A photograph owned by Sir Elton John and seized from an exhibition as part of a child pornography probe is not an indecent image, the Crown Prosecution Service have said.

The image of two naked girls, taken by US photographer Nan Goldin, was seized last month, the day before it was due to go on display at the Baltic Centre for Contemporary Art in Gateshead, Tyne and Wear.

The CPS said that "the evidence is insufficient to justify proceedings for offences of possession or distribution of an indecent photograph". The controversial photograph, entitled Klara and Edda Belly-Dancing 1998, was among 149 Goldin images owned by Sir Elton. Northumbria Police took it away for examination to determine whether or not it breached pornography legislation. The CPS first considered the image in 2001, when it was deemed not to be an indecent image.

Explaining the new decision, Kerrie Bell, head of the CPS Northumbria South Unit, said: "In order to prove that the photograph is indecent we must be satisfied that contemporary standards of propriety are so different now to what they were in 2001, that it is more likely than not that a court will conclude that the photograph is indecent. I am not satisfied that is the case. "Even if the photograph was now considered to be indecent, a defendant would be able to raise a legitimate defence, given that the photograph was distributed for the purposes of display in a contemporary art gallery after having been deemed not to be indecent by the earlier investigation. "Accordingly, I am of the opinion that the evidence is insufficient to justify proceedings for offences of possession or distribution of an indecent photograph."

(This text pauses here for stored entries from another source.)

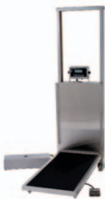
Regal Wall-Mount Lateral and Longitudinal Lift Tables Regal Floor-standing Lift Tables are also available.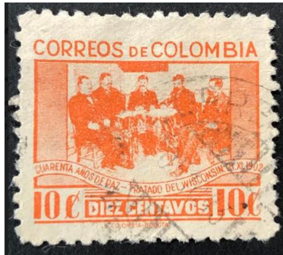
Columbia Scott #495

“40 th Anniversary of the signing of the treaty of Wisconsin”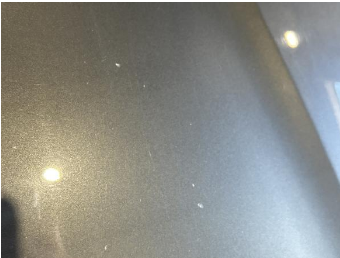
11: Bonnet Chipped 1 To 5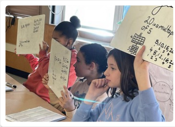
4th Grade Math Masters

All Friday Flyer messages are archived on the Bridlemile elementary school website.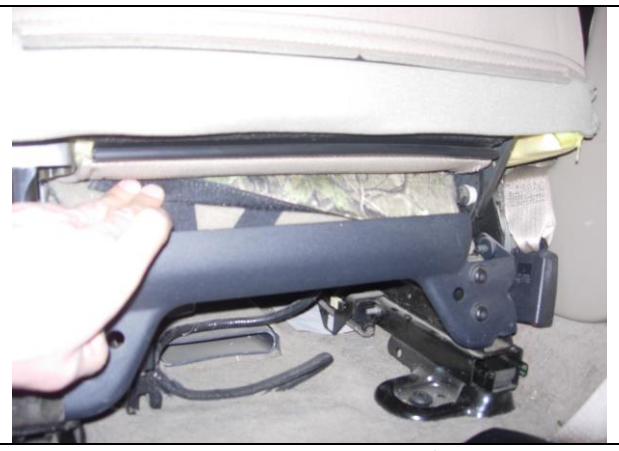
Step 13. Driver & Passenger Bottoms/DB&PB: Pull back on the fabric of the seat cover and press it to the carpet on the seat working from one side to the other. You may have to re-adjust the front, left and right side, and back Velcro™ for the best fit.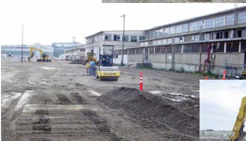
Backfilling Trenches in Parcel B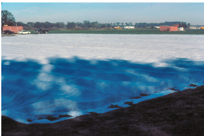
Figure 4. Multi-row floating row cover made of polypropylene used on strawberry in Central Florida.

The first successful, commercial-scale use of polyethylene row covers was in San Diego County, California, in 1958. However, widespread use of row covers did not occur until the 1980s, following research in New England by O.S. Wells and J.B. Loy.

The photograph has been exhibited all over the world and offered for sale at Sotheby's New York in 2002 and 2004. But it has long been the subject of debate over whether the image is too explicit.
Well, I could understand if some people might find it indecent. Depends on the intent. Really, it is just a picture of a couple of young girls playing and dancing innocently, and one of them just happens to have taken her clothes of. But in the U.S. if you had taken such a picture of your kids, and left it at your local photomat store, you might well be locked away for years as a child pornographer. For people in many other parts of the world, it is simply an ordinary picture of two kids having fun. Of course, the moment you put it up on the wall in an art gallery, it starts becoming something else. I must admit, I don't see anything that justifies calling it art. It is just a snapshot in the kitchen for the family album, which the kids can be slightly embarrassed about when they grow up.